Il faut croire que mes talents de négociateurs présentent malgré tout un certain intérêt. La preuve : on me charge de mener à bien une importante opération immobilière. Un contexte politique particulier offre une opportunité dont la direction d’AgroLead entend profiter. Soucieux de résorber son énorme endettement, l’Etat cherche à diminuer ses dépenses. En matière de défense, le réexamen de sa stratégie le conduit notamment à envisager le démantèlement de la base aérienne de Stymphale.

D’une superficie conséquente l’achat des terrains et des infrastructures permettrait à l’entreprise d’ouvrir un nouveau site à moindre coût. A condition de réussir à déjouer la farouche opposition des militaires à la fermeture. Soutenus par les mouvements nationalistes qui relaient leur position, ils s’efforcent de gagner l’opinion publique à leur cause. Cependant, victime du bruit assourdissant des avions de chasse, la population locale aspire depuis longtemps à une réduction de l’activité aérienne. Les quelques accidents meurtriers survenus ces dernières années ayant même converti ces simples demandes polies en actions militantes résolues. L’augmentation des vols comme démonstration de force attise encore l’antagonisme de voisinage ainsi que je le constate au cours de mon enquête sur le terrain. Les « oiseaux de malheur » suscitent désormais une détestation quasi unanime sur place, chaque bang supersonique renforçant un peu plus ce sentiment.

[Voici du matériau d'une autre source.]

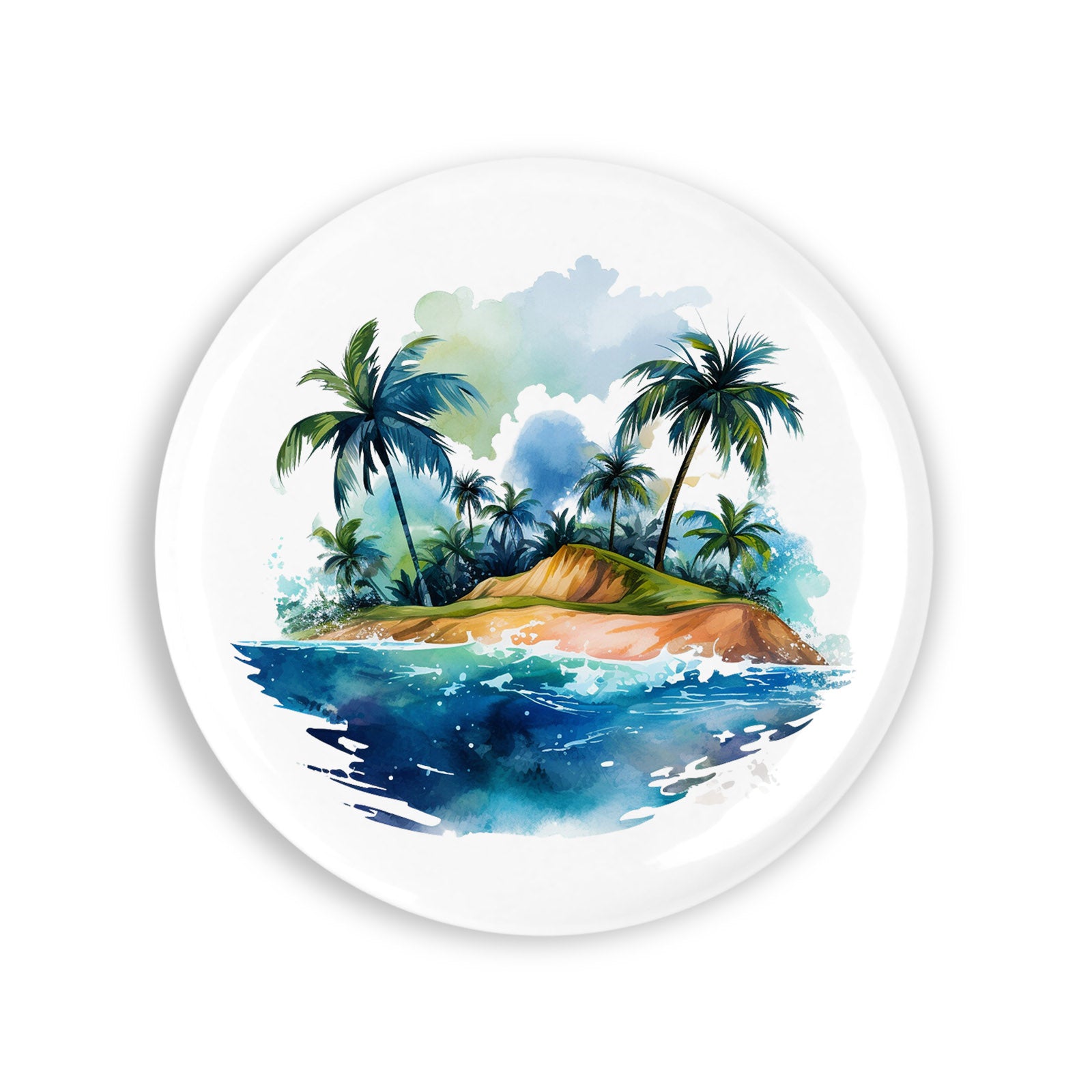 Set 4 insigne, Insula tropicala cu dealuri si palmieri, NO5484, Metal, 44 mm, Multicolor
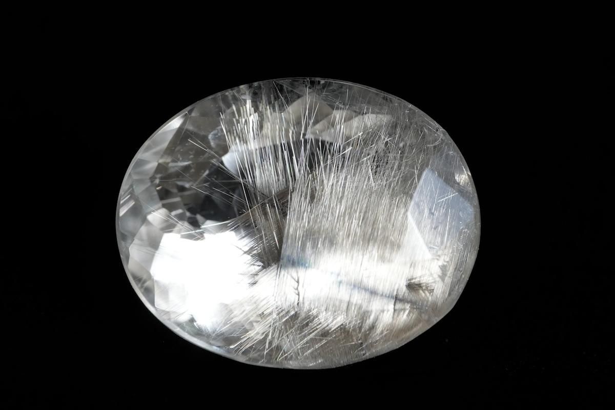 プラチナ色のルチルが包有した上品で凛とした雰囲気を感じさせる逸品です。
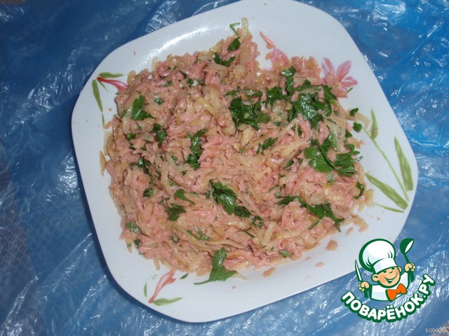 Добавить яйцо, майонез (сметану), соль, перец, зелень по вкусу. Перемешать.
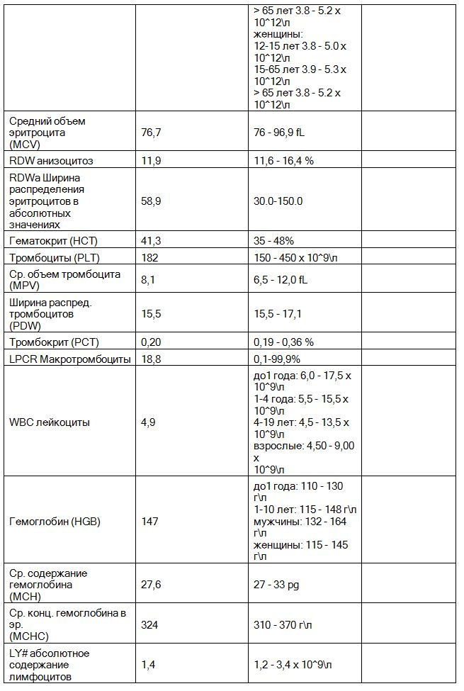 501 Общий анализ крови (полный)(СОЭ,Le,Er,Hb,L-формула, тромбоциты, эритроциты)

Néanmoins l’opération s’annonce difficile. Guerrier de tempérament, je comprends la réaction outragée de combattants que l’on sacrifie au nom de considérations budgétaires discutables. Le rugissement des réacteurs exprime l’intensité d’une colère qu’il leur est interdit de manifester verbalement. Prêts à mourir pour la Patrie si nécessaire, ils vénèrent l’acier de leurs carlingues et non l’argent des financiers. Aviateurs habitués à tutoyer le ciel, ils méprisent d’autant plus les considérations terre à terre au nom desquelles on entend les clouer au sol.

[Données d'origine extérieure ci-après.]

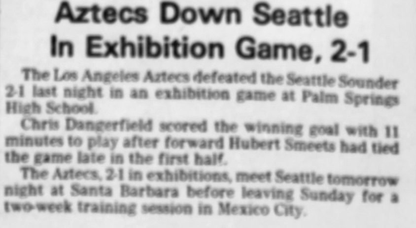 Springs, California) Date: March 8, 1979 Aztecs won 2-1 Attendance: Goals: Aztecs-Hubert Smeets, Chris Dangerfield Sounders- |
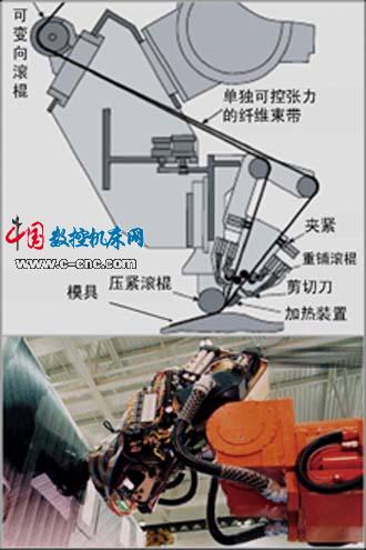 機床,預浸料帶一般呈硬挺狀態(tài),通常只允許在很小的范圍內(nèi)變形。
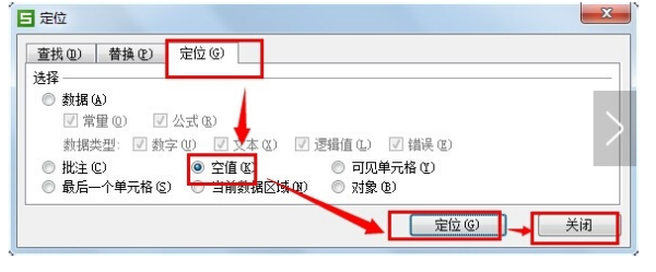 4.选择定位----空值----定位---关闭。我们发现原来的数据表空白单元行都被定位出来了。
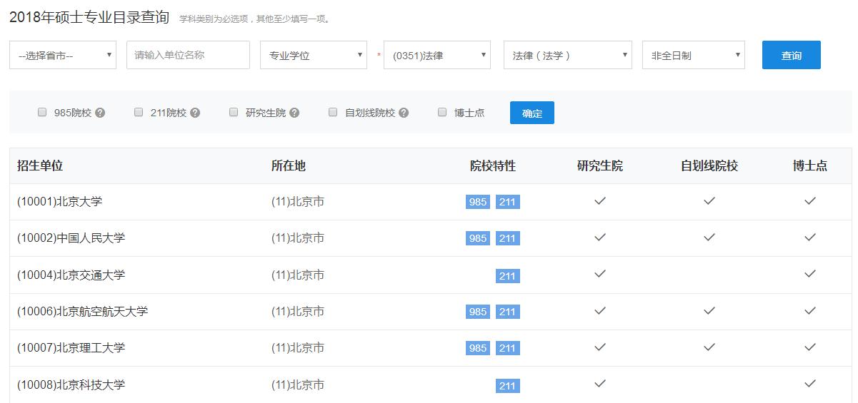 通過同等學(xué)力申碩招收法學(xué)專業(yè)的院校也比較多,大家可登錄官網(wǎng)“學(xué)位網(wǎng)”進(jìn)行查詢。

D’un autre côté, l’exaspération des habitants alentour ne me laisse pas indifférent. Outre le vacarme et la pollution, le crash de plusieurs appareils, ajouté à l’explosion de bombes tombées accidentellement ont causé de nombreux décès. Régulièrement des débris de métal tordus par la chaleur sont retrouvés dans les champs, ravivant des souvenirs douloureux et réactualisant la sensation de danger omniprésent.

Je décide de solliciter un entretien avec le commandant de la base, convaincu qu’une discussion entre hommes d’honneur devrait permettre d’avancer sur la voie d’un règlement. Il ne peut pas manquer de savoir que le combat qu’il mène est sans espoir. Aucun des grands partis ne remet en question la décision prise. Inutile par conséquent de vouloir gagner du temps coûte que coûte jusqu’aux prochaines élections. Un changement de majorité n’ouvrirait aucune alternative et n’offrirait sans doute même pas de répit.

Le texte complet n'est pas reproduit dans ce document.